Mechanisms and Trends of Guaiacol Hydrodeoxygenation on Transition Metal Catalysts

Understanding the mechanisms of guaiacol’s catalytic hydrodeoxygenation (HDO) is essential to remove the oxygen excess in bio-oils. The present work systematically examines guaiacol’s HDO mechanisms to form benzene on six transition metal (TM) catalysts using density functional theory calculations. The results suggested a preferable Caryl−O bond scission on Ni (111) and Co (0001), whereas on Fe (110), the Caryl–OH bond scission is the most likely pathway. The C−O scission on Pd (111) and Pt (111) is not energetically feasible due to their high activation barriers and endothermic behaviour. Fe (110) also demonstrated its high oxophilic character by challenging the desorption of oxygenated products.

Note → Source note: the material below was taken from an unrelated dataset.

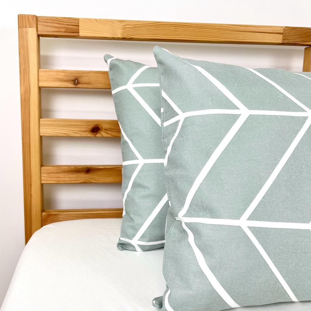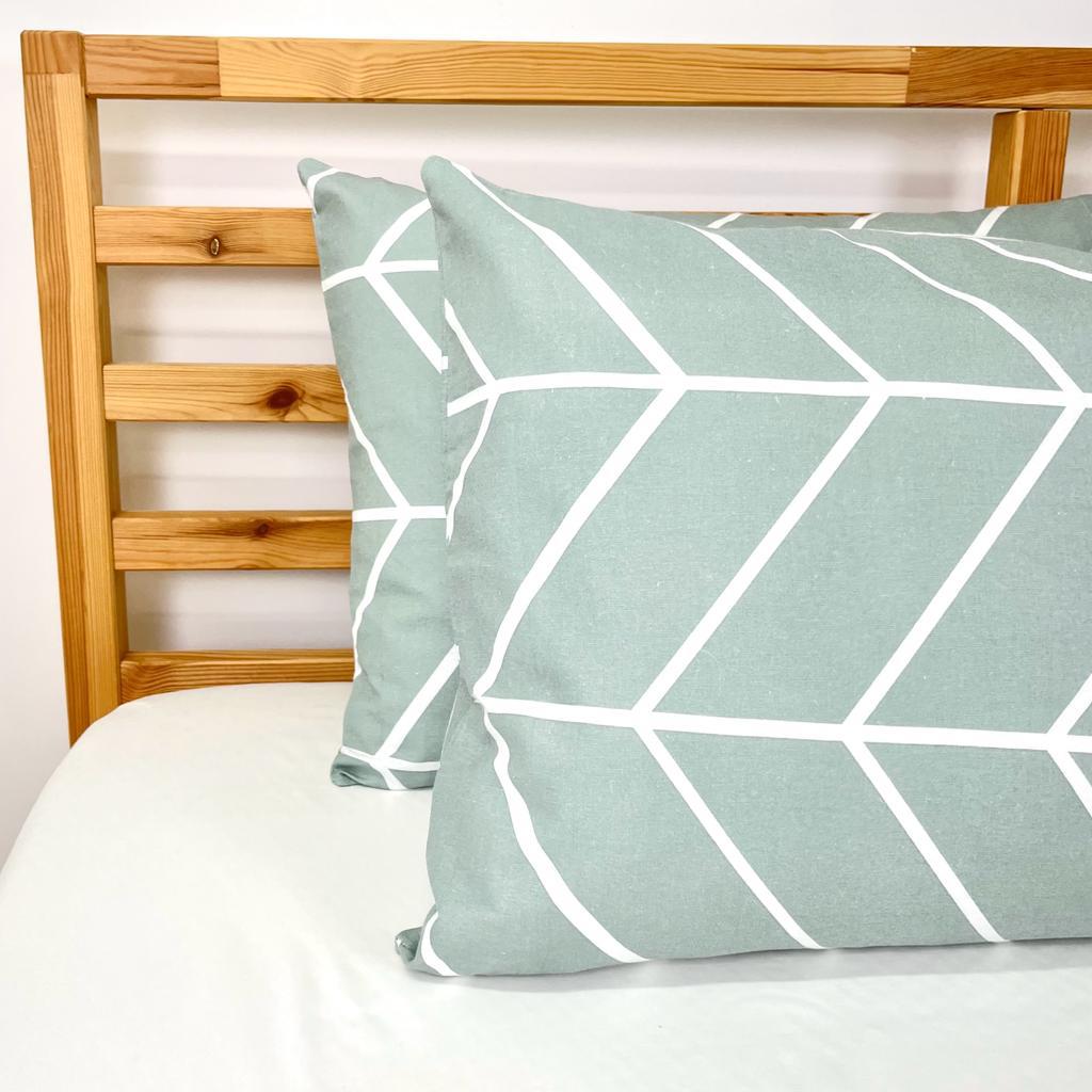 Fronha de almofada em flanela , almofada de cama. Muito macia e quentinha. Disponivel em verde-agua com padrão.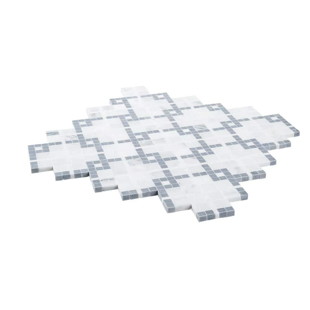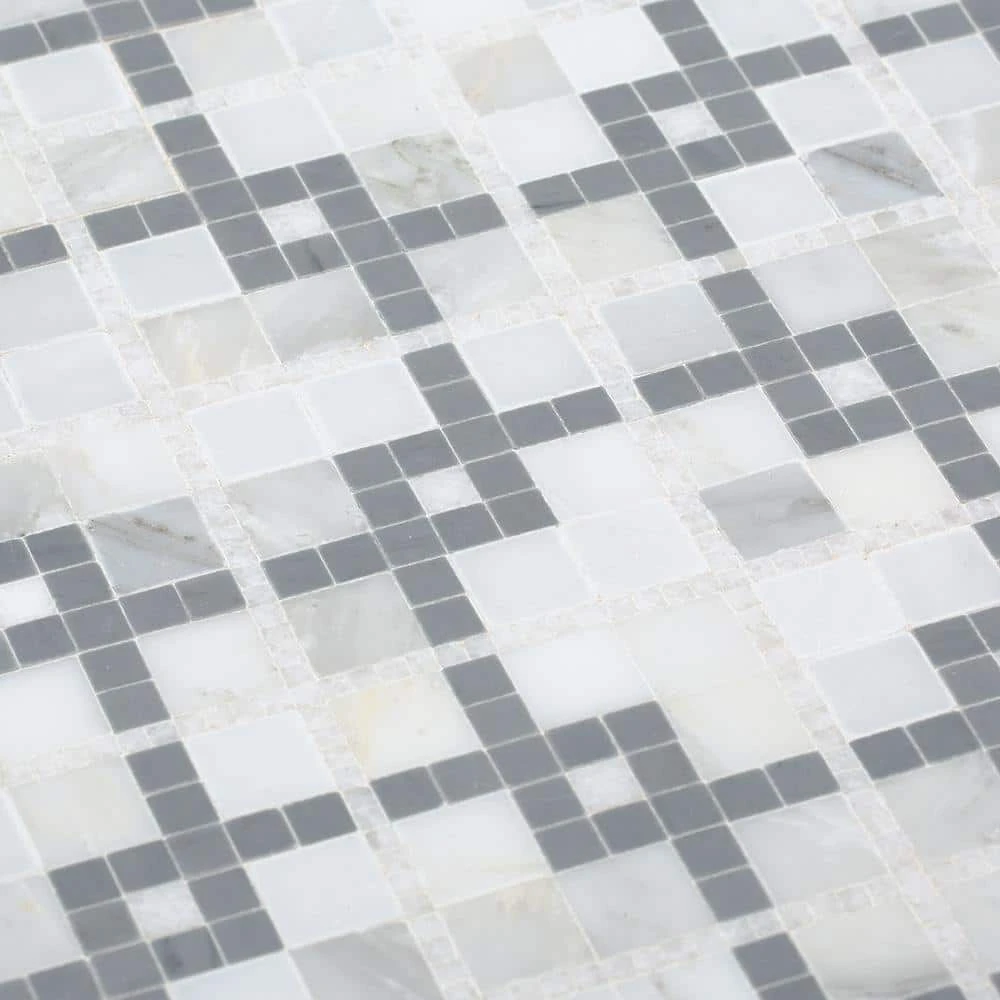 Inspired by the lightweight plaid fabric native to India, our Madras Cotton 12.5 in. x 12.5 in. Natural Marble Stone Tile gives any room in your home an open and airy feeling. The tile uniquely combines polished white Thassos marble, honed grey Bardiglio marble and honed white Carrara marble with gray veining. This natural stone mix adds depth and helps create a bigger space feel. Perfect for an array of styles, from traditional to modern. Combine with other mosaics and field tiles to create impressive installations. For best installation results, use white polymer-modified thinset.

A detailed analysis concludes that Co (0001) and Ni (111) are the most favourable in breaking phenolic compounds’ C−O type bonds. Brønsted-Evans-Polanyi (BEP) and transition state scaling (TSS) models were implemented on the catalytic results to derive trends and accelerate the catalyst design and innovation. TSS demonstrated a reliable trend in defining dissociation and association reaction energies. The phenyl ring-oxo-group and the metal-molecule distances complement the catalysts’ oxophilicity as selectivity descriptors in the HDO process.